Stored items:
* * * * * * *

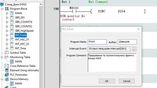 03_2 Программирование ПЛК INovance H3U. Прерывания. Прерывания по фронту высокоскоростного входа
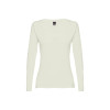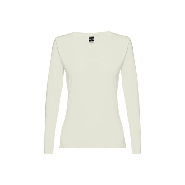 Ženska majica dugih rukava, 100% pamuk (150 g/m²), šivena iz tube. Boje 194, 195: 60% pamuk/40% poliester, boja 183: 90% pamuk/10% viskoza. Moderan kroj ima 1x1 rebrasti elastični ovratnik sa ojačanjem. Rezana i šivena i dupli štepovi na rukavima i dnu. Veličine: S, M, L, XL, XXL
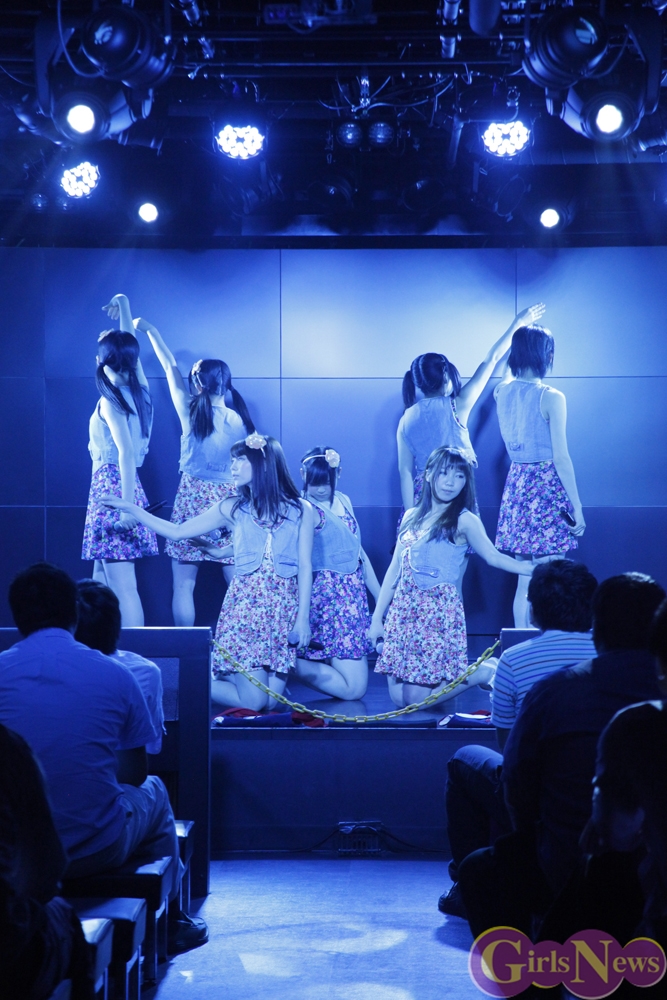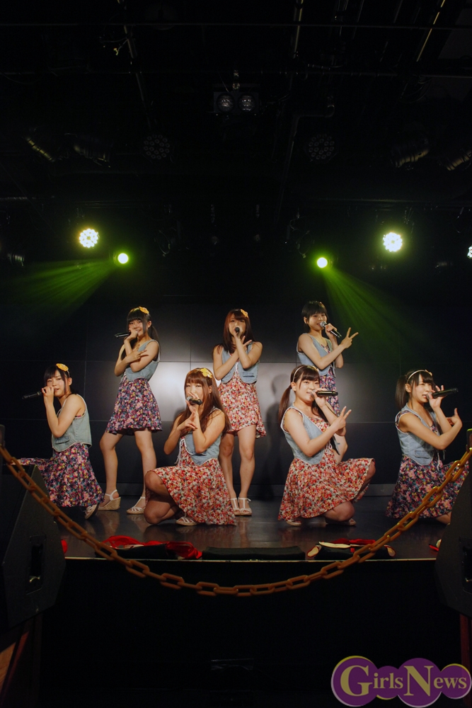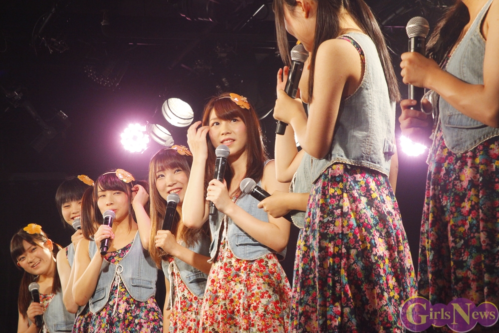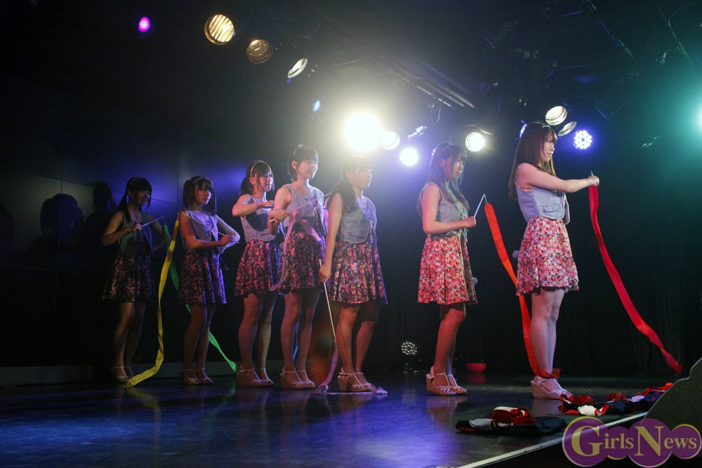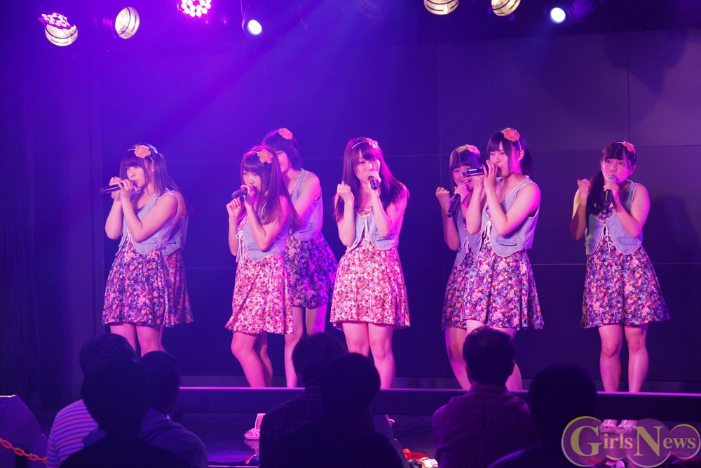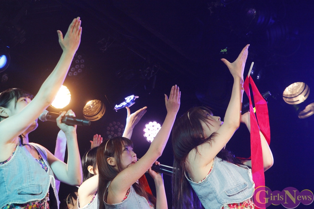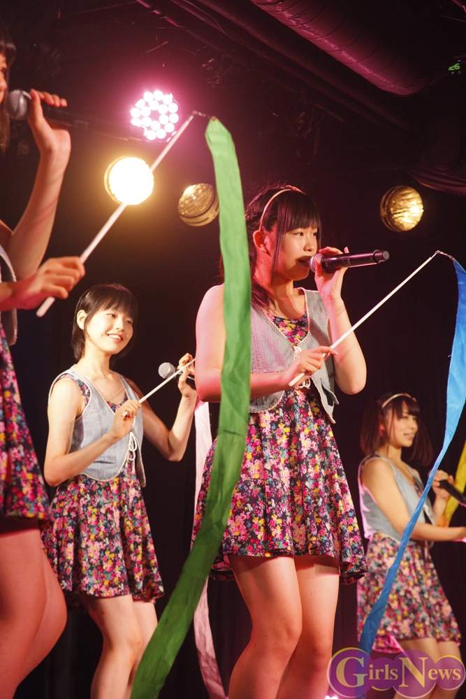 彩り鮮やかなリボンを持ったメンバーが登場し、「七色リアル」でステージの幕が開く。「七色リアル」は聞いているだけで背中を押されるような、JK21随一の応援歌だ。奇しくもライブはサッカーW杯で日本代表がコートジボワール代表に逆転負けを喫した直後。秋葉原にも立ち込めた暗い雰囲気を、メンバーが笑顔と一緒に打ち消した。続いての「年上のダーリン」「エニシングゴーズ」も、アップテンポが耳に残る曲たち。夏の空を思わせるようなパフォーマンスで、老舗としての実力を存分にアピールした。
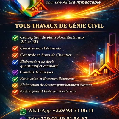 Nous façonnons des espaces d’exception. Spécialisée en génie civil et conception architecturale, notre entreprise propose des prestations de haute qualité : plans architecturaux 2D d’une grande précision, modélisation 3D immersive, aménagement intérieur et extérieur raffiné, et réhabilitation de bâtiments avec une approche moderne et durable.
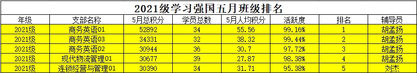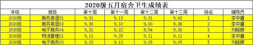 为培养同学们集体主义精神,促进大家养成良好的行为习惯,公司开展“流动红旗”评比活动,现公示五月流动红旗获得班级名单分数排名,希望各班同学继续发扬优点,改正不足,提高自我管理、自我教育的意识,推动公司良好发展。
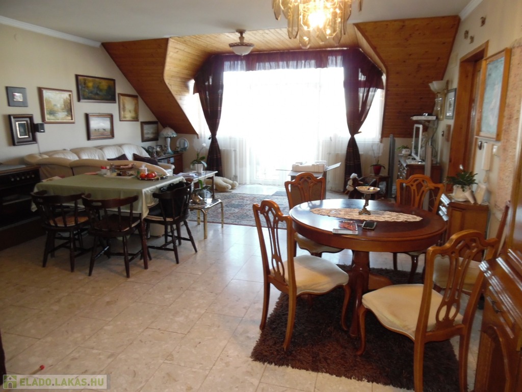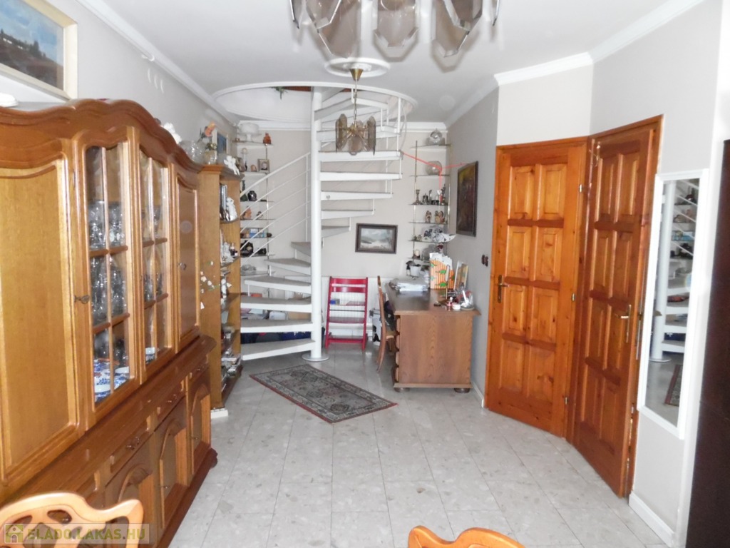 Zala megye, Zalaegerszeg 81 m2-es hasznos alapterületű lakás eladó. A zalai megyeszékhely belvárosában, a Mártírok útján, harmadik emeleti, belső kétszintes lakás eladó. Az erkélyes ingatlan a 4 szintes társasház harmadik emeletén található. A fogadószinten szélfogó, tágas nappali+konyha+étkező, fürdőszoba és kamra került kialakításra. Innen csigalépcsőn jutunk a tetőtérbe, ahol egy közlekedő, fürdőszoba, és 3db háló fogad minket, melyből az egyik jelenleg gardróbként funkcionál. A kilencvenes évek közepén épült, tehermentes lakás melegéről gáz-cirkó fűtés gondoskodik. A szigetelt épület kelet-nyugati tájolású, a lakáshoz a zárt udvarban gépkocsibeálló is tartozik.
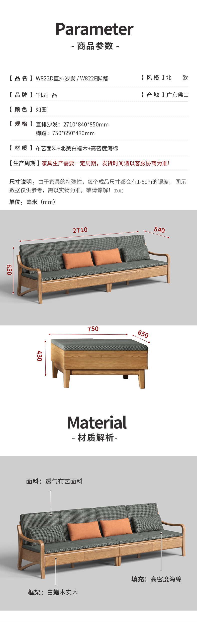 商品名称:千匠一品 北欧风格 布艺面料+北美白蜡木+高密度海绵 时尚大气沙发W822-J
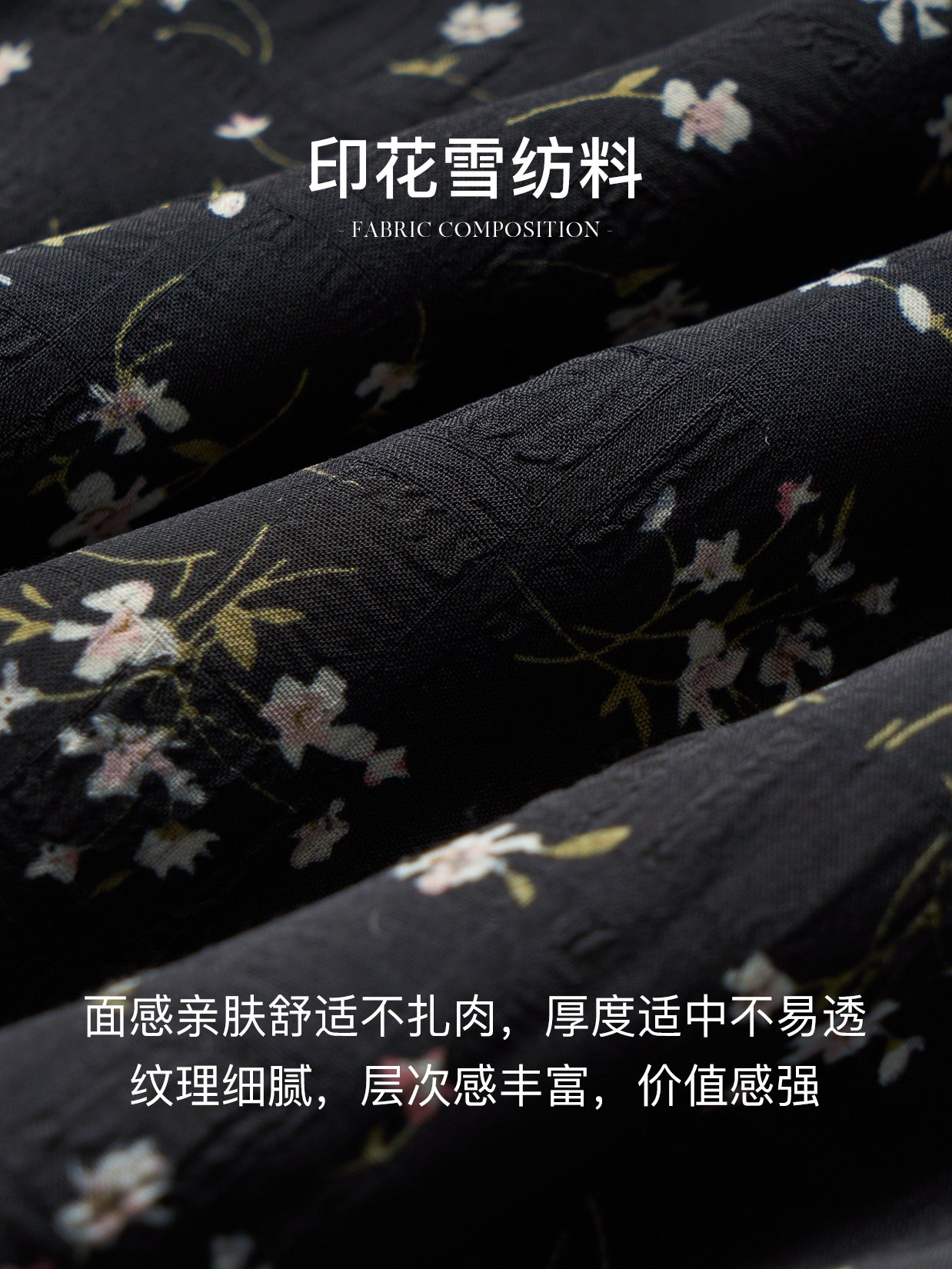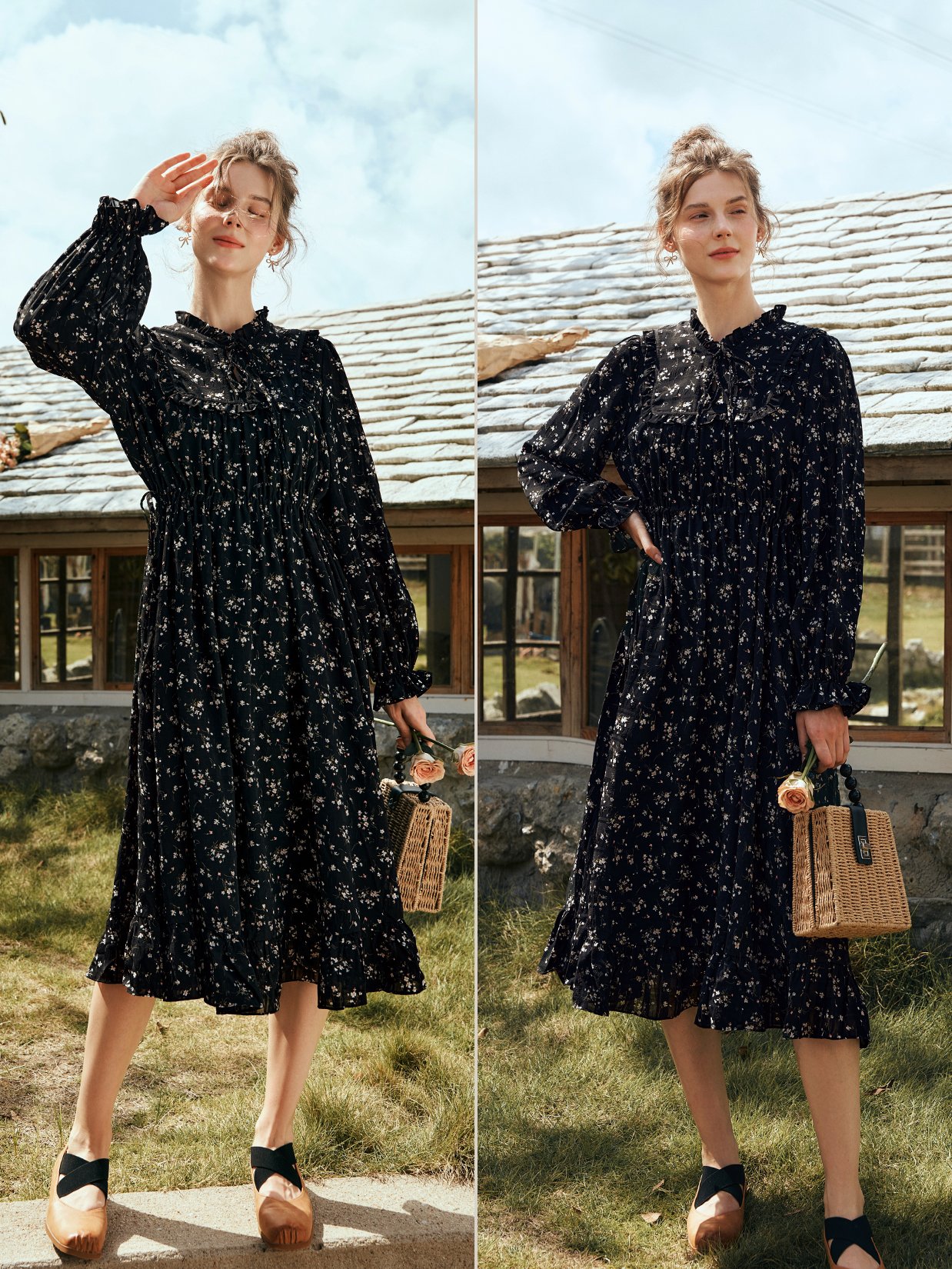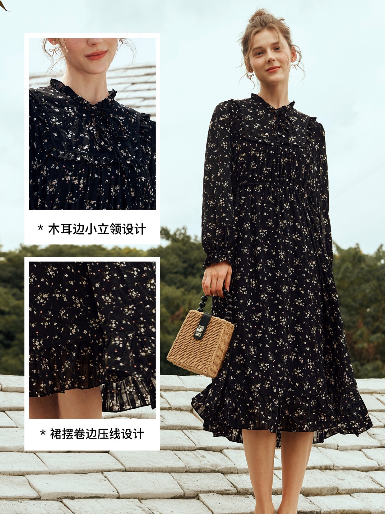 木耳边小立领+系带设计,美化脖颈线条,气质温柔;正肩微泡泡袖,袖口木耳边收口,修饰手腕线条;腰部本布抽绳,可调节宽松度,收腰显瘦显高;黑底花色优雅减龄,可单穿可搭外套,无搭配烦恼
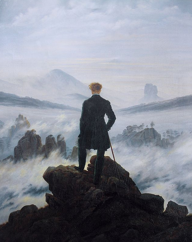 Jag delar upp eleverna i par och säger att halva klassen (en i varje par) ska blunda helt och hållet en stund. De andra ska få se ett konstverk under ungefär en minut och jag visar då en målning av den tyske romantikern Caspar David Friedrich (1774-1840). (Bilden är lånad från Wikipedia).
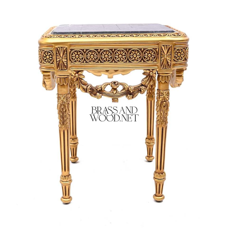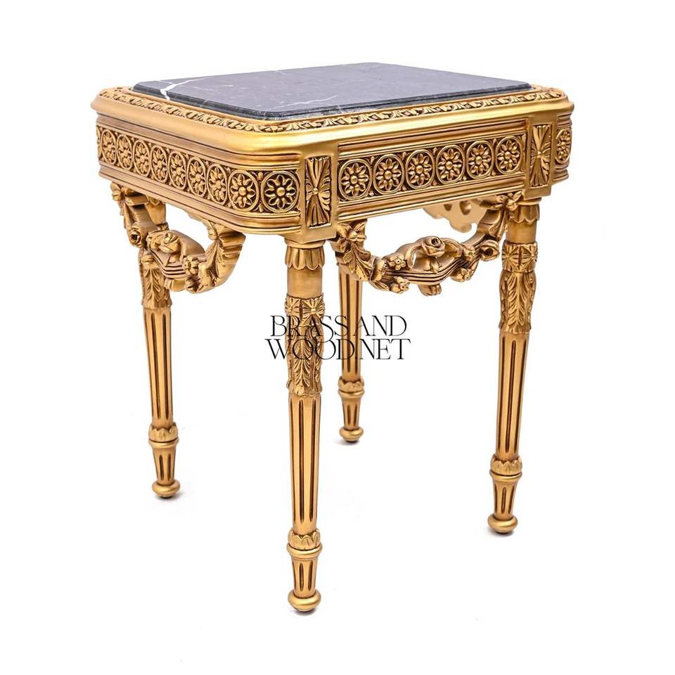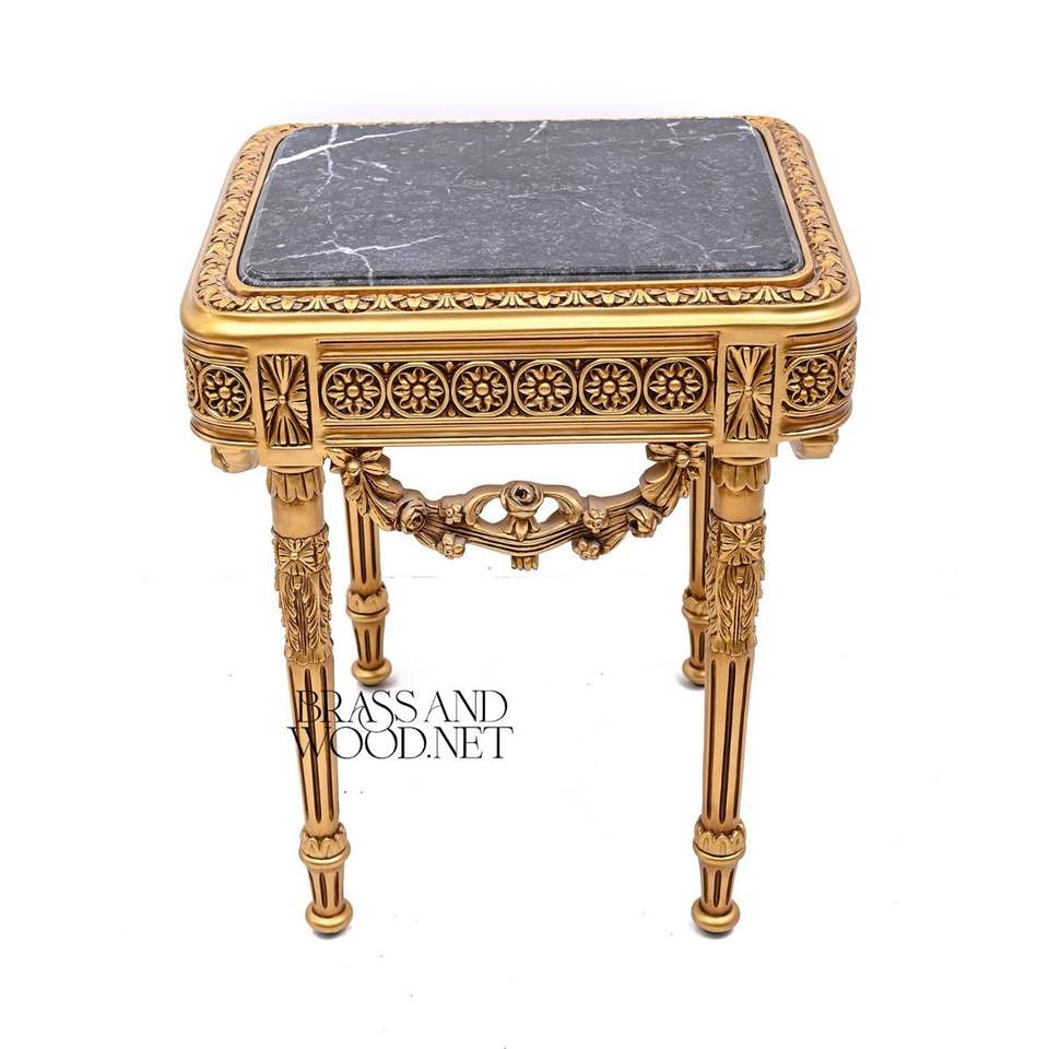 Luxury Square Gold Side Table with Premium Black Marble Top and Hand-Carved Neoclassical Details for Royal Palace Decor
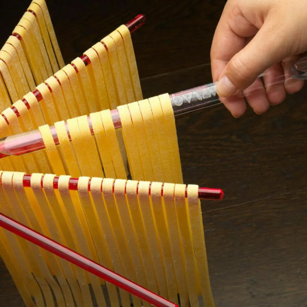 When you have prepared the pasta dough and cut it into desired shape, the Tacapasta pasta drying rack from Marcato is the optimal accessory to store the freshly cut pasta and allow it to dry before cooking. 16 arms in a the shape of a fan have the capacity to carry up to 2 kg of pasta while taking up very limited space. With a multifunctional rod stored in the middle of the drying rack, make it easy to catch the freshly cut pasta from the machine and simply put it on one of Tacapasta’s arms to rest.
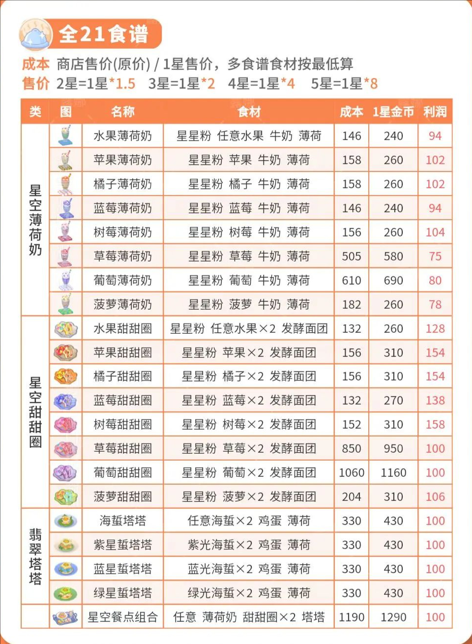 心动小镇引星河庆典21种星空食谱图鉴攻略
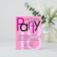 Niedliche Geburtstag-Einladung für das 18. Geburtstagsmädchen! Freuen Sie sich auf eine fröhliche Blockschrift in hellrosa und lila rosa Farbtönen, das hintere trendige Design mit schwarzem Hintergrund. Das zeitgenössische Design ist perfekt für ein Mädchen mit phantastischer Klasse und Stil. Passen Sie online Ihre Veranstaltungsdetails an.

* * * * * * *

▶ GOAL OF THE EXERCISE: Repeat each line of the records exactly, dropping the pictures.

▶ PROBLEM SOLUTION:
 03_2 Программирование ПЛК INovance H3U. Прерывания. Прерывания по фронту высокоскоростного входа
 Ženska majica dugih rukava, 100% pamuk (150 g/m²), šivena iz tube. Boje 194, 195: 60% pamuk/40% poliester, boja 183: 90% pamuk/10% viskoza. Moderan kroj ima 1x1 rebrasti elastični ovratnik sa ojačanjem. Rezana i šivena i dupli štepovi na rukavima i dnu. Veličine: S, M, L, XL, XXL
 彩り鮮やかなリボンを持ったメンバーが登場し、「七色リアル」でステージの幕が開く。「七色リアル」は聞いているだけで背中を押されるような、JK21随一の応援歌だ。奇しくもライブはサッカーW杯で日本代表がコートジボワール代表に逆転負けを喫した直後。秋葉原にも立ち込めた暗い雰囲気を、メンバーが笑顔と一緒に打ち消した。続いての「年上のダーリン」「エニシングゴーズ」も、アップテンポが耳に残る曲たち。夏の空を思わせるようなパフォーマンスで、老舗としての実力を存分にアピールした。
 Nous façonnons des espaces d’exception. Spécialisée en génie civil et conception architecturale, notre entreprise propose des prestations de haute qualité : plans architecturaux 2D d’une grande précision, modélisation 3D immersive, aménagement intérieur et extérieur raffiné, et réhabilitation de bâtiments avec une approche moderne et durable.
 为培养同学们集体主义精神,促进大家养成良好的行为习惯,公司开展“流动红旗”评比活动,现公示五月流动红旗获得班级名单分数排名,希望各班同学继续发扬优点,改正不足,提高自我管理、自我教育的意识,推动公司良好发展。
 Zala megye, Zalaegerszeg 81 m2-es hasznos alapterületű lakás eladó. A zalai megyeszékhely belvárosában, a Mártírok útján, harmadik emeleti, belső kétszintes lakás eladó. Az erkélyes ingatlan a 4 szintes társasház harmadik emeletén található. A fogadószinten szélfogó, tágas nappali+konyha+étkező, fürdőszoba és kamra került kialakításra. Innen csigalépcsőn jutunk a tetőtérbe, ahol egy közlekedő, fürdőszoba, és 3db háló fogad minket, melyből az egyik jelenleg gardróbként funkcionál. A kilencvenes évek közepén épült, tehermentes lakás melegéről gáz-cirkó fűtés gondoskodik. A szigetelt épület kelet-nyugati tájolású, a lakáshoz a zárt udvarban gépkocsibeálló is tartozik.
 商品名称:千匠一品 北欧风格 布艺面料+北美白蜡木+高密度海绵 时尚大气沙发W822-J
 木耳边小立领+系带设计,美化脖颈线条,气质温柔;正肩微泡泡袖,袖口木耳边收口,修饰手腕线条;腰部本布抽绳,可调节宽松度,收腰显瘦显高;黑底花色优雅减龄,可单穿可搭外套,无搭配烦恼
 Jag delar upp eleverna i par och säger att halva klassen (en i varje par) ska blunda helt och hållet en stund. De andra ska få se ett konstverk under ungefär en minut och jag visar då en målning av den tyske romantikern Caspar David Friedrich (1774-1840). (Bilden är lånad från Wikipedia).
 Luxury Square Gold Side Table with Premium Black Marble Top and Hand-Carved Neoclassical Details for Royal Palace Decor
 When you have prepared the pasta dough and cut it into desired shape, the Tacapasta pasta drying rack from Marcato is the optimal accessory to store the freshly cut pasta and allow it to dry before cooking. 16 arms in a the shape of a fan have the capacity to carry up to 2 kg of pasta while taking up very limited space. With a multifunctional rod stored in the middle of the drying rack, make it easy to catch the freshly cut pasta from the machine and simply put it on one of Tacapasta’s arms to rest.
 心动小镇引星河庆典21种星空食谱图鉴攻略
 Niedliche Geburtstag-Einladung für das 18. Geburtstagsmädchen! Freuen Sie sich auf eine fröhliche Blockschrift in hellrosa und lila rosa Farbtönen, das hintere trendige Design mit schwarzem Hintergrund. Das zeitgenössische Design ist perfekt für ein Mädchen mit phantastischer Klasse und Stil. Passen Sie online Ihre Veranstaltungsdetails an.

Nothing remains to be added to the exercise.